Data for this task —
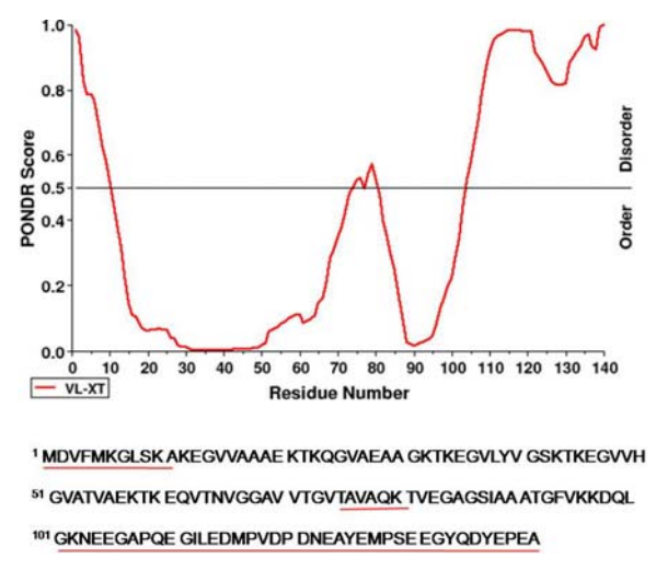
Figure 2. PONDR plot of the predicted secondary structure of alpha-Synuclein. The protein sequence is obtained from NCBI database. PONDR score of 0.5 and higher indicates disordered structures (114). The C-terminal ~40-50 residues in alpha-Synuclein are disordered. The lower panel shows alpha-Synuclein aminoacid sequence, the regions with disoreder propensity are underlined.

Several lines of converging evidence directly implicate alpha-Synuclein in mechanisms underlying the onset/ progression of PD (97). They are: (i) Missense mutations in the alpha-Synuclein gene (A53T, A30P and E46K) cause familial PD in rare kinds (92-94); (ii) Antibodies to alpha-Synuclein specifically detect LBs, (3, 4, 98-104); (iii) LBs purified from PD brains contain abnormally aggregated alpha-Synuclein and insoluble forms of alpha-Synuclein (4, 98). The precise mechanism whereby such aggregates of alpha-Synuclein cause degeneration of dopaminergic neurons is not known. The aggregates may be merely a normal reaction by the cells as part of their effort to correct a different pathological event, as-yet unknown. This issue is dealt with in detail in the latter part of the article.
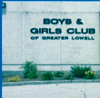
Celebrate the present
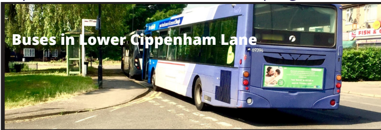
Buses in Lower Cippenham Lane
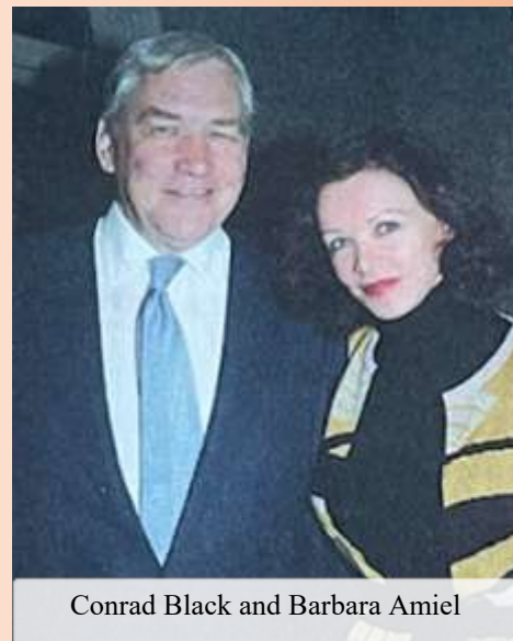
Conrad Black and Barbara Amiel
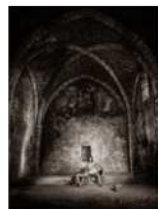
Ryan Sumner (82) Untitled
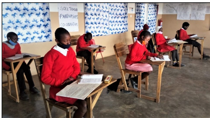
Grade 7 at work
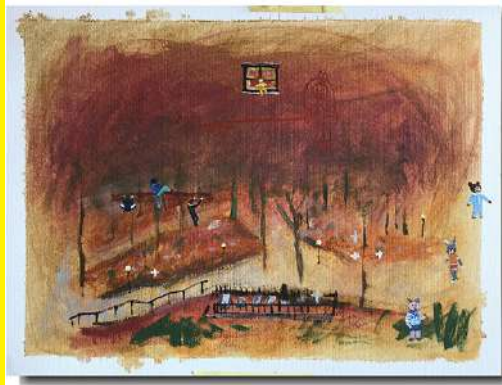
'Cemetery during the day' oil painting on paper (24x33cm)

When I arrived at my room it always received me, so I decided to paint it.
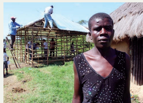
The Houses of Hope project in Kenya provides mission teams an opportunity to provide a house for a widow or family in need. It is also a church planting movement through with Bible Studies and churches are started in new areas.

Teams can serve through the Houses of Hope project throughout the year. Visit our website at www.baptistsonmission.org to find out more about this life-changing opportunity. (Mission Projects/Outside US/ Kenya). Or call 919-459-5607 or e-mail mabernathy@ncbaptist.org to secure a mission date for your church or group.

Assignment —
Drop the pictures, then transcribe the lines from the one containing "on paper (24x33cm)" to the end of the data above, exactly and nothing more.

Task response —
'Cemetery during the day' oil painting on paper (24x33cm)

When I arrived at my room it always received me, so I decided to paint it.
The Houses of Hope project in Kenya provides mission teams an opportunity to provide a house for a widow or family in need. It is also a church planting movement through with Bible Studies and churches are started in new areas.

Teams can serve through the Houses of Hope project throughout the year. Visit our website at www.baptistsonmission.org to find out more about this life-changing opportunity. (Mission Projects/Outside US/ Kenya). Or call 919-459-5607 or e-mail mabernathy@ncbaptist.org to secure a mission date for your church or group.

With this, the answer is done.